As before, /usr/lib is the one which requires some delicacy, as there are a lot of things which live under /lib and a lot of things which live under /usr/lib. It took me several attempts to come up with a way of cleanly removing files without any unintended side-effects. The idea I had was to generate separate lists of files for separate types of filesystem entities (i.e. one for regular files, one for directories, one for symlinks etc.), which would mean that stray files and links could easily be removed automatically, and then directories (which are more complex due to /lib and /usr/lib having common subdirectories) could be handled manually later.

I came up with the following one-liners to generate these lists using find; find is purposely prevented from recursing here with the -mindepth and -maxdepth parameters, and is instead used more as a means of filtering files by type.

# find $(cat libfiles) -mindepth 0 -maxdepth 0 -type f | sed -e 's,^,/usr,' > things-to-del
# find $(cat libfiles) -mindepth 0 -maxdepth 0 -type l | sed -e 's,^,/usr,' > things-to-del2
# find $(cat libfiles) -mindepth 0 -maxdepth 0 -type d | sed -e 's,^,/usr,' > things-to-del3

It’s then easy enough to remove the regular files and the symlinks, after performing some manual sanity checks:

# rm -v $(cat things-to-del)
# rm -v $(cat things-to-del2)

In the case of the directories left over, I processed those all manually. /usr/lib/modules and /usr/lib/firmware are both superfluous and can be removed completely, but other directories need quite a bit more care, with some consultation of dpkg -S to check whether the paths under /usr are actually required by anything.

Final remarks

It turns out that there’s quite a lot of moving parts on Debian systems which do things without the package manager really being aware of the fact.

On some level this makes me a bit uncomfortable, as I generally hold that the package manager should be the authority on what the state of a system should be. This is why, for example, I spin my own Debian packages for almost all of the software I run on the routers for AS207480 instead of copying random binaries around the place, as it makes maintaining and updating things fits into my existing package update tooling, and also means that the presence or absence of certain packages is indicative of a machine’s role. Taken to the logical extreme, these ideas lead to things like NixOS, where the package manager takes the desired state of a machine as input, and then configures the machine appropriately to match.

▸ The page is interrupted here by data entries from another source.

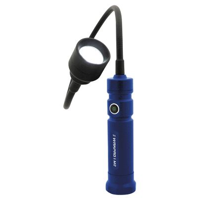 IP54 håndholdt arbejdslampe med flex-arm og fast lyskekegle. Magnetisk base og gen-opladeligt Li-Ion batteri.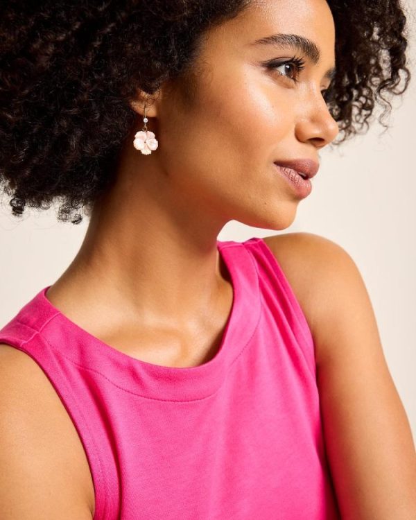 Delicate hibiscus charms with subtle hints of coral pink define the dainty appeal of these sparkle-embellished earrings.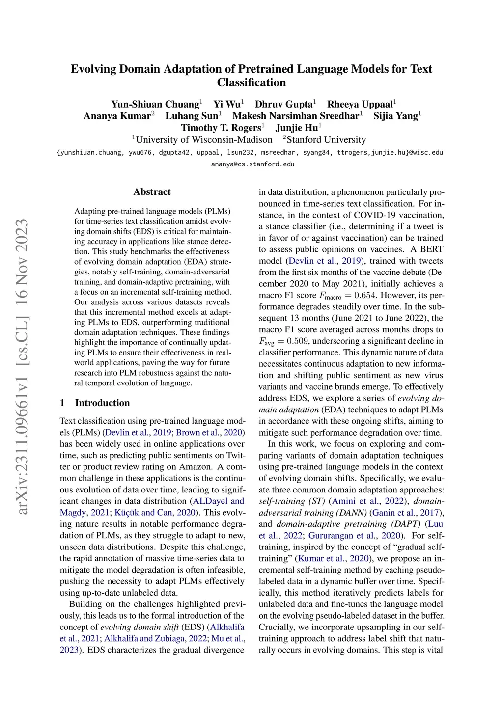 Adapting pre-trained language models (PLMs) for time-series text classification amidst evolving domain shifts (EDS) is critical for maintaining accuracy in applications like stance detection. This study benchmarks the effectiveness of evolving domain adaptation (EDA) strategies, notably self-training, domain-adversarial training, and domain-adaptive pretraining, with a focus on an incremental self-training method. Our analysis across various datasets reveals that this incremental method excels at adapting PLMs to EDS, outperforming traditional domain adaptation techniques. These findings highlight the importance of continually updating PLMs to ensure their effectiveness in real-world applications, paving the way for future research into PLM robustness against the natural temporal evolution of language.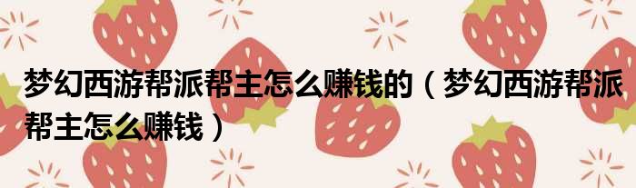 梦幻西游帮派帮主怎么赚钱的(梦幻西游帮派帮主怎么赚钱)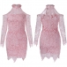elegant pink tone,outfitted with off-shoulder,mock neck,irregular hem and a fit silhouette,this lace dress can make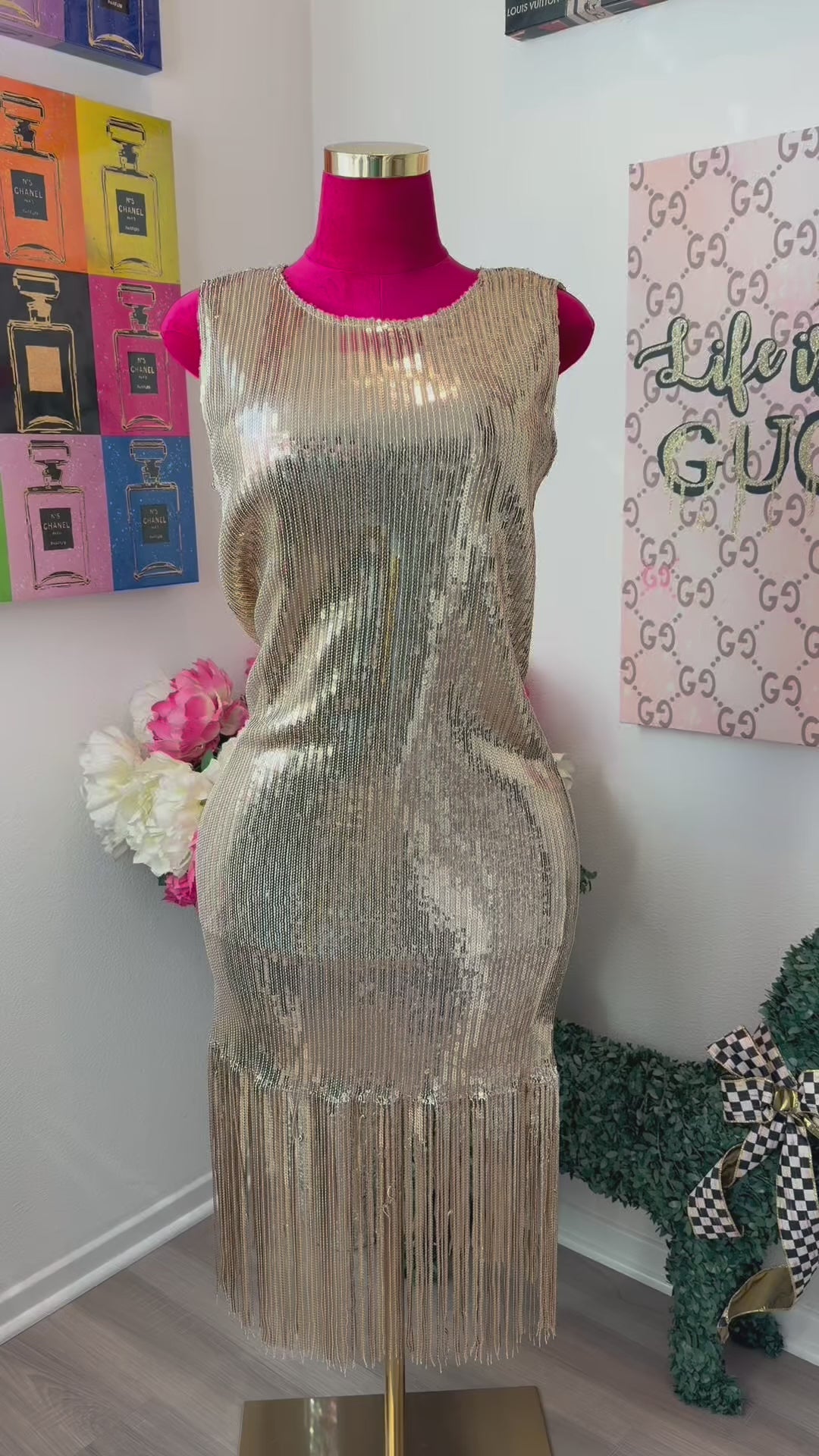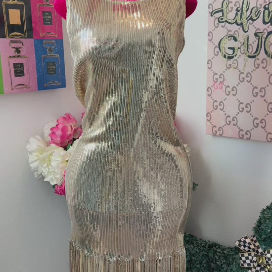 Turn heads in this full-length gold sequin fringe dress, designed to make you glow at every special occasion. The pull-on fit hugs your curves without zippers, while the golden fringe hem gives it a touch of vintage glam and fun movement. Perfect for parties, elegant dinners, or ringing in the New Year with sparkle.

On the other hand, Debian is a very old project with a long history, so there’s some amount of technical and social debt to be expected. Switching to merged-/usr while continuing to support split-/usr systems necessitates some sleight of hand in order to pull the wool over dpkg’s eyes. In the grand scheme of things, for most people it doesn’t make any difference whether the system has a split or merged /usr; but the system is constructed loosely enough that it’s possible to poke and tweak at it until it feels just right.